In the second year, lectures will concentrate on physical chemistry, spectroscopy, quantum mechanics and electromagnetic fields. There are laboratory classes in both chemistry and physics.

There is a choice of optional modules, covering specialised topics such as nanotechnology and analytical chemistry.

Core modules

Core Laboratory Work

This module builds on the practical, analytical and communication skills developed in the first year and introduces experiments across the range of chemistry, based on your second year theory modules.

You’ll spend around 10 hours per week in practicals for this module. 

Intermediate Inorganic Chemistry
This module aims to survey the classical and new chemistry of the main group elements. To use group theory as a tool in the analysis of vibrational spectra in inorganic chemistry. To give a concise introduction to the organometallic chemistry of the transition metals. To use multinuclear NMR spectroscopy as a tool for the characterisation of molecules.
Energy, Spectroscopy and Solid State Chemistry

In this module you'll study  the physical principles underlying chemical phenomena, with emphasis on energy, quantum mechanics and spectroscopy. You'll also be introduced to solid-state chemistry, including the structure, characterisation, energetics and the band theory of solids.  

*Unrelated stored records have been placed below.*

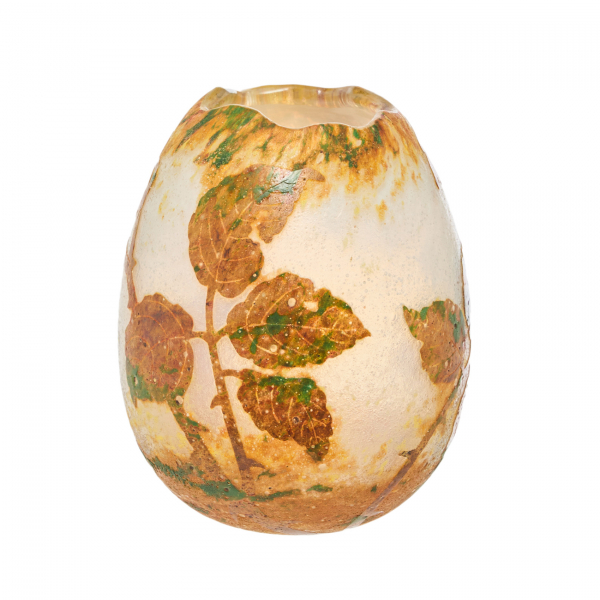 Jarroncito en «pâte de verre» doblado con decoración de motivos vegetales, c.1902.
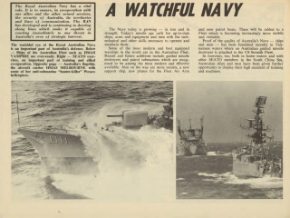 Description: The first editions of Navy Today were published in the early 1960s to provide a snapshot of the contemporary RAN Fleet and a brief commentary on operations in which the RAN was involved. The booklets were distributed by Navy Public Relations and through Navy Recruiting centres around Australia and were produced in various formats until the mid 1990s at which time web-based technology took over.
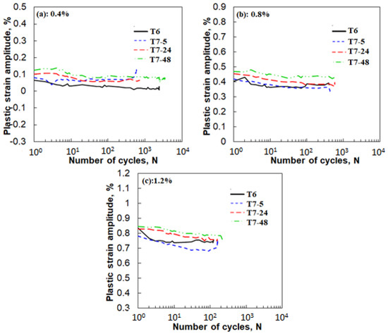 In the LCF tests, the plastic strain amplitude was considered as a physical quantity that resulted in several damaging processes, and it influenced the internal microstructure, which was closely related to the strain resistance, and eventually, the fatigue life [28]. The variation in plastic strain amplitude (Δεp/2) during cyclic deformation at various strain amplitudes (0.4%, 0.8%, and 1.2%) under various aging conditions is shown in Figure 8, which corresponded well with the change in stress amplitude during cyclic deformation, as shown in Figure 7. As shown in Figure 8, the plastic strain amplitude also increased with total strain amplitude. When the total strain amplitude was low (~0.4% in Figure 8a), cyclic stabilization was observed. With increasing total strain amplitude (0.8% in Figure 8b, and 1.2% in Figure 8c), plastic strain decreased with cycles.

You’ll attend two hours of lectures each week in this module. 

The Quantum World

This module provides an introduction to the theory and elementary applications of quantum mechanics, a theory that is one of the key achievements of physics. Quantum mechanics is an elegant theoretical construct that is both beautiful and mysterious. Some of the predictions of quantum mechanics are wholly counter-intuitive and there are aspects of it that are not properly understood. Nonetheless, it has been thoroughly tested empirically for nearly a century and, wherever predictions can be made, they agree with experiment.

The notes, videos, and simulations for the first semester of The Quantum World are all publicly available and freely accessible. Check out the notes online, which include embedded links to the videos and interactive simulations.

You’ll study:

  • Quantum vs classical states
  • Fourier series and transforms: translating from position to momentum space
  • The Heisenberg uncertainty principle (particularly from a Fourier perspective)
  • The time-dependent and time-independent Schrödinger equation
  • Bound and unbound states, scattering and tunnelling
  • Wavepackets
  • The subtleties of the particle in a box
  • Operators, observables, and the thorny measurement problem
  • Matrix mechanics and Dirac notation
  • The quantum harmonic oscillator
  • Conservation and correspondence principles
  • Angular momentum
  • Stern-Gerlach experiment
  • Spin
  • Zeeman effect, Rabi oscillations
  • 2D and 3D systems
  • Degeneracies
  • Hydrogen atom and the radial Schrödinger equation
  • Entanglement and non-locality
  • ... and, of course, that ever-frustrating feline...
Classical Fields

In this module you will explore the concepts of scalar and vector fields. You will learn the mathematics of vector calculus, which give us a powerful tool for studying the properties of fields and understanding their physics.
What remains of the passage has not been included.